Thursday, February 15, 2007

Chapter 20

Brown has set himself a tough task. He wants to write a book that's both accessible (a mainstream thriller, with lots of thrills and cliffhangers) and didactic (even if the stuff he's teaching us is bollocks, he's still going to teach it).

He's done OK so far, slipping the Gnostic theology and Renaissance aesthetics into conversations between the principles, but now we've got a problem. He wants to explain the Divine Proportion. Langdon knows all about it. But so does Sophie. And they're both rather too preoccupied to go over old ground at the moment.
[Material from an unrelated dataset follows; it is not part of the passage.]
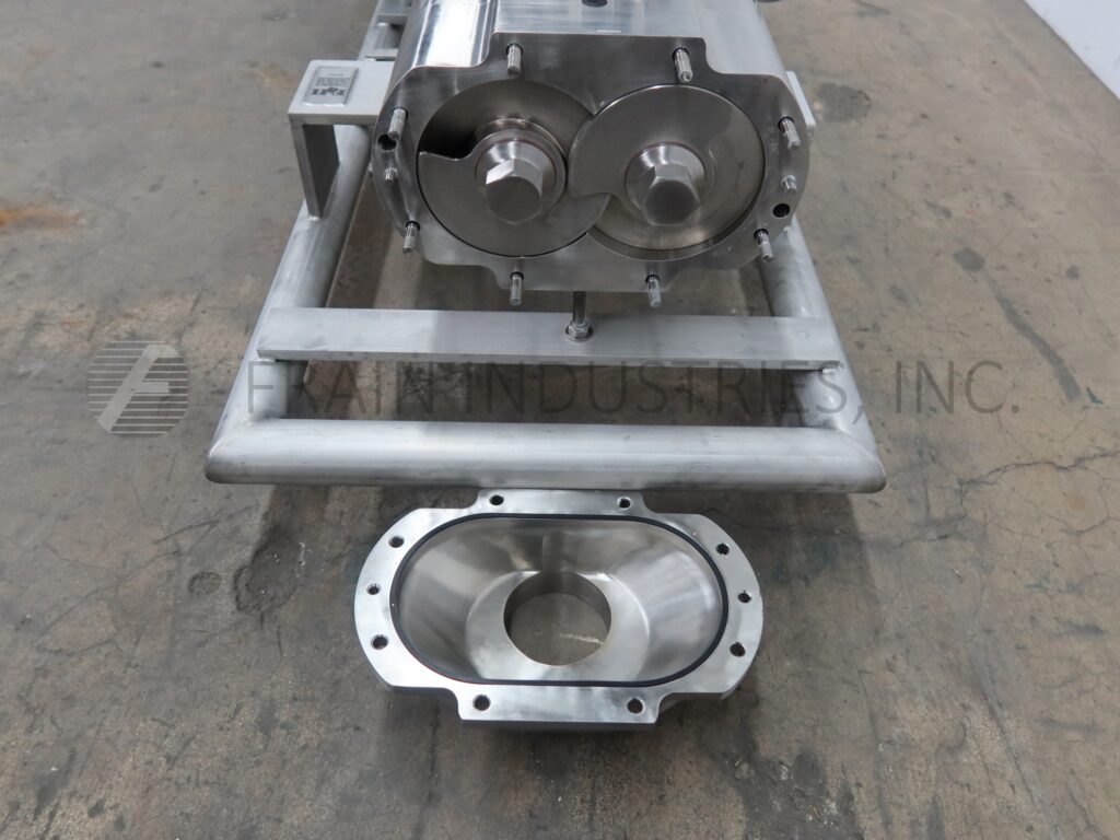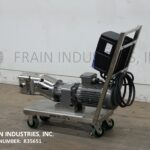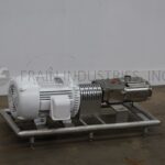 Sine, Model MR135-NNTC, stainless steel, sanitary, positive displacement pump. Rated from 0 to 138 gallons per minute – depending on materials, application and machine configuration. Can handle partculate sizes up to 1¼", temperature ranges from -40°F to 266°F, and pressure ratings up to150psi (10.3 bar). Equipped with 7" OD rotor, liners, scraper plate, 3½"OD / 2¾"ID Tri-clamp style inlet / outlets and wing bolt front cover. Powered by a 15 Hp motor drive with a 7.13:1 gearbox for a current pumping rate of 56 gpm. Mounted on a 48" long x 15" wide stainless steel base. Ideal for cheese, curd, whey, cottage cheese, fruit concentrates, frosting, slurries, soups, beef stew, syrups, chocolate, creams, lotions, shampoos and many more.

Langdon: Sophie, did you know that the Divine Proportion, or phi, is 1.618?

Sophie: Yes.

Langdon: Oh.

So, what the hell, if you're going to attempt to educate the audience, why not take advantage of the fact that your hero is an educator? Cue flashback, to Langdon teaching at Harvard. And a couple of things emerge.

1. Harvard students are, despite the global reputation that the institution holds, a bit thick.

2. Langdon is the sort of academic who reckons he can get down with the kids by quoting Wayne's World at them.

Oh, yeah. Those funny words. They're anagrams. Or, as Sophie puts it, for the benefit of the really slow readers who had trouble with all that Divine Proportion malarkey, "Like a word jumble from a newspaper."

Oh, and Louvre staff are on strike. Maybe they're looking for danger money, because of the risk of being shot by pink-eyed monks.

3 Comments:

Blogger Billy said...

The divine proportion or "golden ratio" used to be called the "mean and extreme ratio".

If only it was mean and extreme - to the max! Wayne of World fame would have like that.

10:53 am  
Blogger Tim F said...

Bob and Soph's excellent adventure.

6:37 am  
Blogger Spinsterella said...

Are we supposed to believe here that two incredibly intelligent people, a crytpologyst and a symbology expert, failed to recognise a couple of basic frigging anagrams?

Someone made the point earlier that they don't have cryptic crosswords in the US - perhaps they don't have anagrams either?